View on GitHub

NBSVM-Weka

An implementation of the NBSVM classifier for Weka

Download this project as a .zip file Download this project as a tar.gz file

NBSVM-Weka - a Java implementation of the multiclass NBSVM classifier for Weka

NBSVM is an algorithm, originally designed for binary text/sentiment classification, which combines the Multinomial Naive Bayes (MNB) classifier with the Support Vector Machine (SVM). It does so through the element-wise multiplication of standard feature vectors by the positive class/negative class ratios of MNB log-counts. Such vectors are then used as inputs for the SVM classifier.

This implementation extends the original algorithm to support multiclass classification using the one-vs-all approach. When dealing with N classes the classifier calculates N distinct ratios of MNB log-counts by separately considering each class as 'positive' and all the other classes taken together as 'negative'. These ratios are then combined with the input feature vectors of N separate discriminative classifiers.

Dependencies

This package relies on the LibLINEAR library and its Weka wrapper class. The LibLINEAR Weka package must be installed in order for NBSVM-Weka to function. Since it uses LibLINEAR, logistic regression can easily be used as the discriminative classifier instead of SVM (thereby maximizing the log-likelihood instead of the SVM margin).
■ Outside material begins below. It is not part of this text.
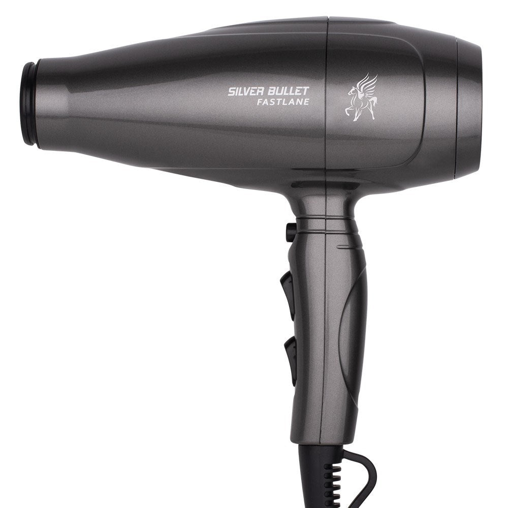 Introducing the Silver Bullet Fastlane Hair Dryer, the ultimate time-saving solution designed with your efficiency in mind. We understand that time is precious, which is why we've developed this professional-quality hair dryer that combines exceptional speed and heat, allowing you to significantly reduce your drying time without compromising on quality.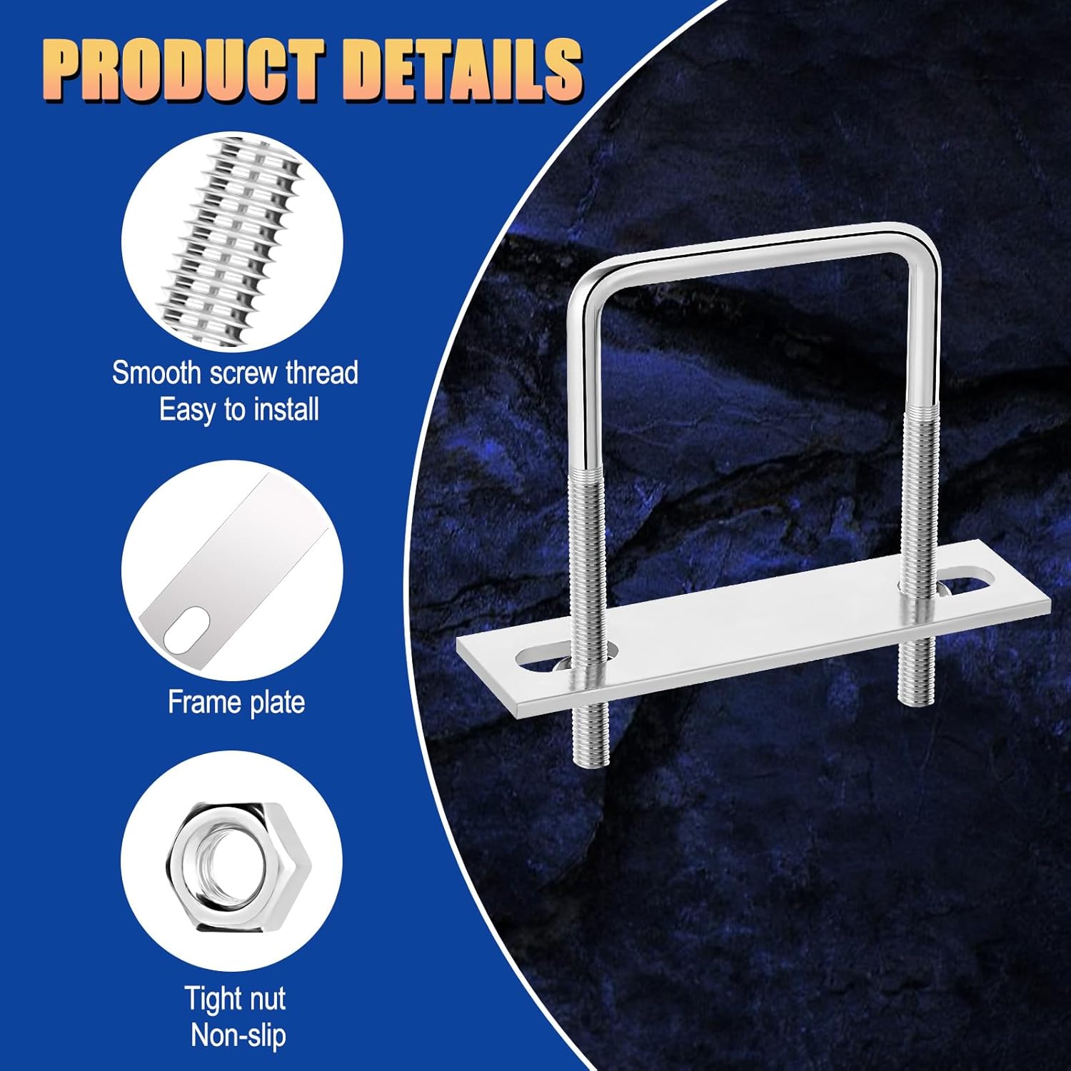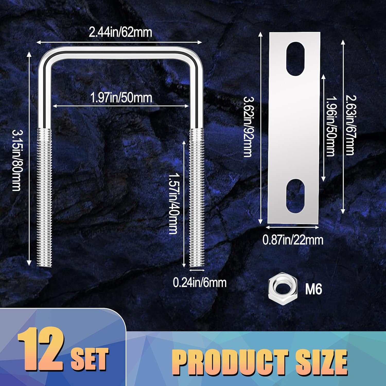 12 Pcs Square U Bolts 2 Inch Wide,1/4"x 2"x 3.15" U Bolt Clamp in Zinc with Nuts and Frame Plates with Strict Quality Standards Specifications: Material:Carbon Steel Shape :SquareSize:1/4" x 2" x 3.15" Features: Why Choose Our Square U Bolt ?The quantity that meets your needs:The zinc-coated square U-bolt set includes 12 U-bolts, 24 nuts, and 12 frame plates, providing ample quantity for your needs and replacements. All accessories are crafted from galvanized steel Wide range of applications:U-bolts are used to secure or attach locking components to rectangular wooden and metal objects. Widely applicable across industries such as industrial, manufacturing, maintenance, automotive, and apparel production, U-bolts are the ideal choice for fastening pipes, wood, trailers, and more.❀High-quality materials:The square U-bolts are made of galvanized carbon steel, ensuring durability and reliability with excellent rust and corrosion resistance. Each U bolt is capable of bearing weight, and these galvanized square U-bolts prevent rust, corrosion, acid erosion, and wear, performing well even in rainy and humid environments.Reliable service:As we are so strict with our Square U Bolt quality, we have confidence. So we would refund 2 times price if you receive defective product What's in the package:12 * U-bolts, 14* nuts,and 12* frame plates

Certain SVMTypes in the LibLINEAR package which are not compatible with (this implementation of) NBSVM, such as Support Vector Regression models or Crammer and Singer's multiclass classification algorithm, have been disabled. However, for the sake of consistency, the numbering of options used in LibLINEAR has been preserved.

Installation

NBSVM-Weka can be installed as an unofficial plug-in module within Weka. To do so, download the NBSVM-Weka package. Open the Weka package manager and use the "Unofficial - File/URL" option to select and install NBSVM-Weka. After restarting Weka, the list of available classifiers (within the functions category) will contain the NBSVM option.

Usage

The classifier can be used either through the Weka GUI or through the command line interface. Either way, the configuration options are very similar to the options of LibLINEAR's wrapper for Weka. One difference is that NBSVM-Weka is not compatible with Support Vector Regression and Crammer and Singer's multiclass classification algorithm, making those SVMTypes disabled.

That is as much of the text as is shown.